Below is some data. Retype exactly the lines starting at the one with "Sutekus Pipe Fitting" and ending at the one with "5. 參見第一個列印輸出並調整列印頭位置。".

---- PROVIDED INFORMATION

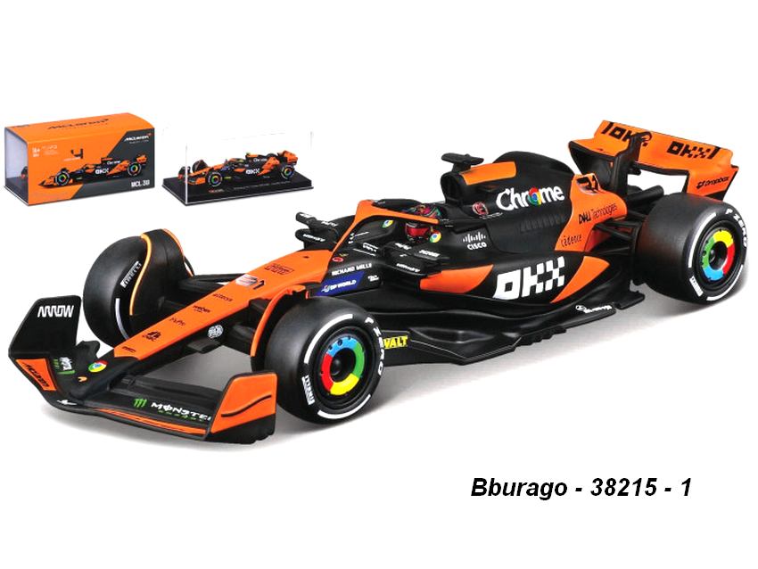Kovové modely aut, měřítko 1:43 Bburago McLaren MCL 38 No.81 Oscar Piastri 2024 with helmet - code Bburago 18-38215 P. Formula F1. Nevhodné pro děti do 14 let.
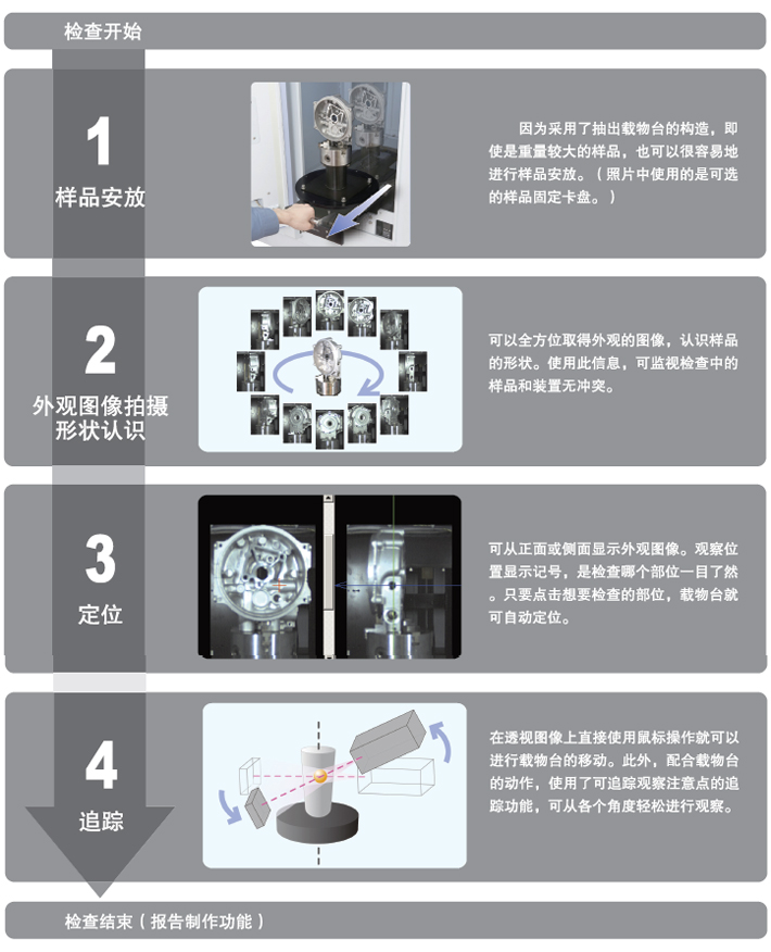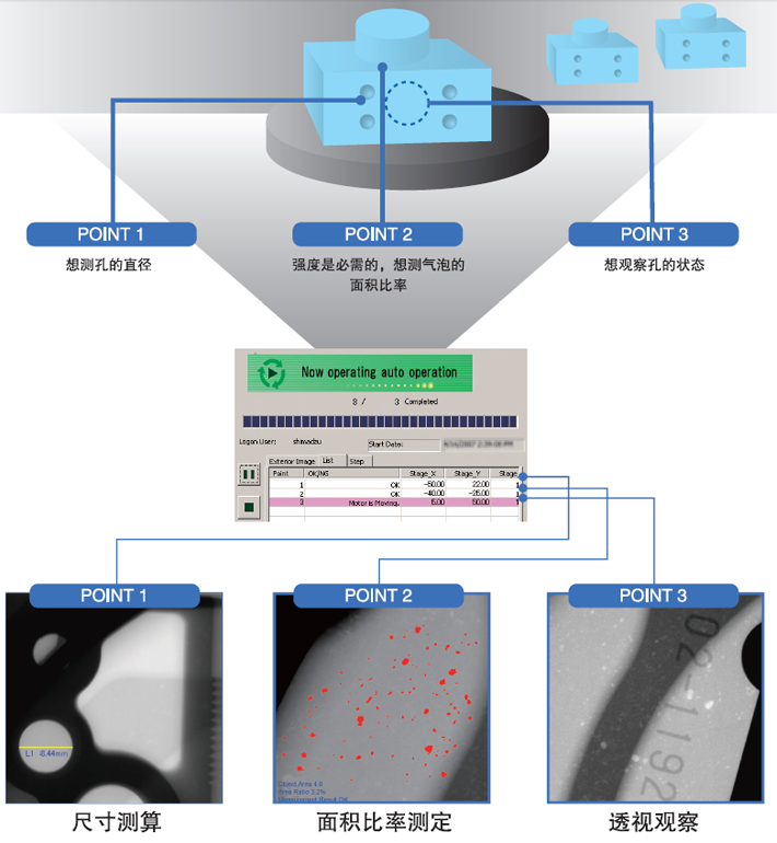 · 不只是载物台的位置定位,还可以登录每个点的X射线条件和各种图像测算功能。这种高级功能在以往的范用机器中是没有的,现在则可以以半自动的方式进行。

--------
---- PROVIDED INFORMATION

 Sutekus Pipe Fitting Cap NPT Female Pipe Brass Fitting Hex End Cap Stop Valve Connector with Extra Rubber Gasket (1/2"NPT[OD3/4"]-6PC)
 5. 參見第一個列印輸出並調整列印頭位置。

--------

> EXERCISE OUTPUT:
 Sutekus Pipe Fitting Cap NPT Female Pipe Brass Fitting Hex End Cap Stop Valve Connector with Extra Rubber Gasket (1/2"NPT[OD3/4"]-6PC)
 5. 參見第一個列印輸出並調整列印頭位置。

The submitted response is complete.